Your AI agent spent 20 minutes reasoning through a complex problem. It wrote code, ran tests, found bugs, fixed them. Then the process crashed.
The next time you start it, does it remember any of that?
For most agent implementations, the answer is no. Each fresh start is a blank slate. But it doesn't have to be that way. Here's how to build agents that actually survive restarts—and why it matters more than you think.
The Problem: Ephemeral State, Permanent Consequences
When an agent crashes mid-task, you lose more than just compute time. You lose:
- Context: What was it working on? What had it tried already?
- Progress: Which files did it modify? What decisions did it make?
- Relationships: What did it promise to other agents? What did it learn?
Traditional software can log errors and restart. Agents are different. Their "state" isn't just data—it's reasoning, preferences, and learned knowledge.
Pattern 1: The Checkpoint System
The simplest approach: periodically save your agent's complete state to disk.
struct AgentState {
memory: MemoryStore,
active_tasks: Vec<Task>,
conversation_history: Vec<Message>,
tool_usage_log: Vec<ToolCall>,
}
fn save_checkpoint(state: &AgentState, path: &Path) -> Result<()> {
let json = serde_json::to_string_pretty(state)?;
std::fs::write(path, json)?;
Ok(())
}
On restart, load the checkpoint first. If none exists, start fresh.
Pros: Simple, complete state capture Cons: All-or-nothing; large state means slow saves
Pattern 2: Event Sourcing
Instead of saving state, save every decision as an event. Replay events to reconstruct state.
enum AgentEvent {
TaskStarted { id: Uuid, description: String },
ToolCalled { tool: String, args: Value, result: Value },
DecisionMade { reasoning: String, choice: String },
MemoryStored { key: String, value: String },
}
fn record_event(event: AgentEvent) {
events.push(event);
// Optionally persist to SQLite/file
}
To recover: replay the event log through a reducer that reconstructs state.

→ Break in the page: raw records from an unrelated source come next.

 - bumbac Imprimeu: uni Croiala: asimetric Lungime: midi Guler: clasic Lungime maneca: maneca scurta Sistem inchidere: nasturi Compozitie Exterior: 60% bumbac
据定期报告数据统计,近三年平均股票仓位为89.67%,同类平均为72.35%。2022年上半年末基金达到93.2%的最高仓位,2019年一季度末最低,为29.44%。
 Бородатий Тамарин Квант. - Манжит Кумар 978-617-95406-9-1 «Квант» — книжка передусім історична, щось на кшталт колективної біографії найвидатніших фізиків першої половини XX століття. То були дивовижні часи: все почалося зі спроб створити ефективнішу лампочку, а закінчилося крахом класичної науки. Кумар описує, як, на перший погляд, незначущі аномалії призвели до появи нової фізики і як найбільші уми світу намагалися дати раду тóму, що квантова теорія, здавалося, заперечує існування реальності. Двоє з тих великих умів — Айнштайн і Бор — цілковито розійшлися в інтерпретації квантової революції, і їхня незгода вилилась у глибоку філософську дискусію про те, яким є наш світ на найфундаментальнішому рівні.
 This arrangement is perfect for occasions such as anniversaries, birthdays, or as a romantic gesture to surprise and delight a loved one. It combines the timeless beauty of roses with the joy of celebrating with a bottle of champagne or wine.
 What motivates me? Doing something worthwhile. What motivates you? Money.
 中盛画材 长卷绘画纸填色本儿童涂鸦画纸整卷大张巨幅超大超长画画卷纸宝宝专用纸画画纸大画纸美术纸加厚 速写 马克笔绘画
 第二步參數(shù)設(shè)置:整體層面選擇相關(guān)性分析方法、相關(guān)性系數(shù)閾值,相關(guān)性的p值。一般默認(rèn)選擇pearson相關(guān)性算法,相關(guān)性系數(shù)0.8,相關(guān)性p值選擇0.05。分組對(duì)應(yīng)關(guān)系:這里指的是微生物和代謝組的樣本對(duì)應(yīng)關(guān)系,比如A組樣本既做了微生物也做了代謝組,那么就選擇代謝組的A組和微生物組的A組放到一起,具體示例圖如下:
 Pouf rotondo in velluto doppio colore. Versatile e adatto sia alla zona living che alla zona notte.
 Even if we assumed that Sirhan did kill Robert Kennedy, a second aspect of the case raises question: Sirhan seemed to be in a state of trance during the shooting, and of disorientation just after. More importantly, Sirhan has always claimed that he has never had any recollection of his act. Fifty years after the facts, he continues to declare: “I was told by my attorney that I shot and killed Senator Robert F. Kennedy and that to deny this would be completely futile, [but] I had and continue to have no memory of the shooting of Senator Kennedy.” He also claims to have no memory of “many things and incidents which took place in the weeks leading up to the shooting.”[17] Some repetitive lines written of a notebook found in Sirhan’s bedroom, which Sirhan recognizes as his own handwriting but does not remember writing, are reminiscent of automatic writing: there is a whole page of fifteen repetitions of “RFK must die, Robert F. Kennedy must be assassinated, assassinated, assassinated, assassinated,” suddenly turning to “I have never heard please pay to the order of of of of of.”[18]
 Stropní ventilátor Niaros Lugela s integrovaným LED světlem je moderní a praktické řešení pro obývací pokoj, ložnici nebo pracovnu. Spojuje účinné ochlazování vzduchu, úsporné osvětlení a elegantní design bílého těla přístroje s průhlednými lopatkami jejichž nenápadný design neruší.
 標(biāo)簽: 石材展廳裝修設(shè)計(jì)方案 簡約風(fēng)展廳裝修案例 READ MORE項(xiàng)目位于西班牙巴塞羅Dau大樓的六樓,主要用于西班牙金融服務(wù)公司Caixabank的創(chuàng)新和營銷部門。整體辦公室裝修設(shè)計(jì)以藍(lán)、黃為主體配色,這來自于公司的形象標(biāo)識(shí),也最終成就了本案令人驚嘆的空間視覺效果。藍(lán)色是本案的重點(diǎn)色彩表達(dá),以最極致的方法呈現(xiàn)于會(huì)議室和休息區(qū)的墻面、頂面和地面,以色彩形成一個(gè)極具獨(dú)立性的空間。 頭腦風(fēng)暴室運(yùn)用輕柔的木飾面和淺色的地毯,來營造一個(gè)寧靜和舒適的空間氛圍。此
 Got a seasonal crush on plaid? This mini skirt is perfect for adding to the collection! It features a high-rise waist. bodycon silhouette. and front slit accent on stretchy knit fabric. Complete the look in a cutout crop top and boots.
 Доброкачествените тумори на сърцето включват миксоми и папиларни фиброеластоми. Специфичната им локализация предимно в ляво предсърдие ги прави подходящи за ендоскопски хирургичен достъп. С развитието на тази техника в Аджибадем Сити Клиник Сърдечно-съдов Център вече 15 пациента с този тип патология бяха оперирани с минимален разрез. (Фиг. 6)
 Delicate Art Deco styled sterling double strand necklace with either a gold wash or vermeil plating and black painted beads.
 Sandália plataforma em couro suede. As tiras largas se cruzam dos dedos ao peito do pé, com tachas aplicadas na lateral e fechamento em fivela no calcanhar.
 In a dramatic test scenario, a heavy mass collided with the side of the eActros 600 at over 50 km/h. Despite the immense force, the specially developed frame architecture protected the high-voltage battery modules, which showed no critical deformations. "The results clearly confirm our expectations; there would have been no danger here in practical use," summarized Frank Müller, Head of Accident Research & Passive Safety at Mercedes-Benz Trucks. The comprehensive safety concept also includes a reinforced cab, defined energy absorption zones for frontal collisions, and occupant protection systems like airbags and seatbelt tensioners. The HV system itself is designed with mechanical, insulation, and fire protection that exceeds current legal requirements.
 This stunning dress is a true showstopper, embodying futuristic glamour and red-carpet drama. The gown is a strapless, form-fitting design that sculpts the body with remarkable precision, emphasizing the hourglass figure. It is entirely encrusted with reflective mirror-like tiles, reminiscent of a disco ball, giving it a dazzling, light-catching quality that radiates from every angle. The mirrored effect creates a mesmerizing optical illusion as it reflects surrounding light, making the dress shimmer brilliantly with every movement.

fn replay(events: &[AgentEvent]) -> AgentState {
events.iter().fold(AgentState::default(), |state, event| {
reduce(state, event)
})
}
Pros: Complete audit trail, replay from any point, time-travel debugging Cons: Replay can be slow for long sessions; need snapshot strategy
Pattern 3: Layered Persistence
Different data has different recovery requirements:
| Layer | Data | Recovery Strategy | |-------|------|-------------------| | Short-term | Current task, working memory | Checkpoint every N seconds | | Medium-term | Conversation history | Event log with daily snapshots | | Long-term | Learned facts, preferences | SQLite with FTS5 search |
This is what Memori (the Rust persistent memory system) does well. It combines FTS5 full-text search with semantic vectors, auto-deduplication at 0.92 similarity, and decay scoring with a 69-day half-life.
Pattern 4: The Handoff Protocol
When one agent hands off to another (or to itself after a restart), it needs a structured protocol:
struct Handoff {
agent_id: Uuid,
session_id: Uuid,
last_completed_step: usize,
pending_steps: Vec<Step>,
context_summary: String,
external_dependencies: Vec<Resource>,
}
This is what Submarinr uses. When your agent crashes, the handoff document tells the next instance exactly where to pick up.
Which Pattern Should You Use?
Start with checkpoints for simplicity. If you need:
- Audit trails → event sourcing
- Long-running sessions → layered persistence with snapshots
- Multi-agent workflows → handoff protocol
- Semantic search over history → FTS5 + vectors
The key insight: your agent's memory isn't one thing. It's layers with different characteristics, and each layer needs its own persistence strategy.
The ZeroClaw Approach
In my own agent (ZeroClaw), I'm moving toward a layered system:
- Events table in SQLite: every tool call, decision, and message as a row
- Memory layer: semantic search over stored facts
- Checkpoint snapshots: every 5 minutes, full state to JSON
The events table lets me answer questions like "what tools did this agent use most?" or "where did it fail last time?"—questions that checkpoint-only systems can't answer.
Why This Matters Now
We're entering the era of durable agents. Agents that run for hours, across restarts, maintaining context and relationships. The agents that win won't be the smartest—they'll be the ones that remember.
Build for persistence from day one. Your future self (and your agent) will thank you.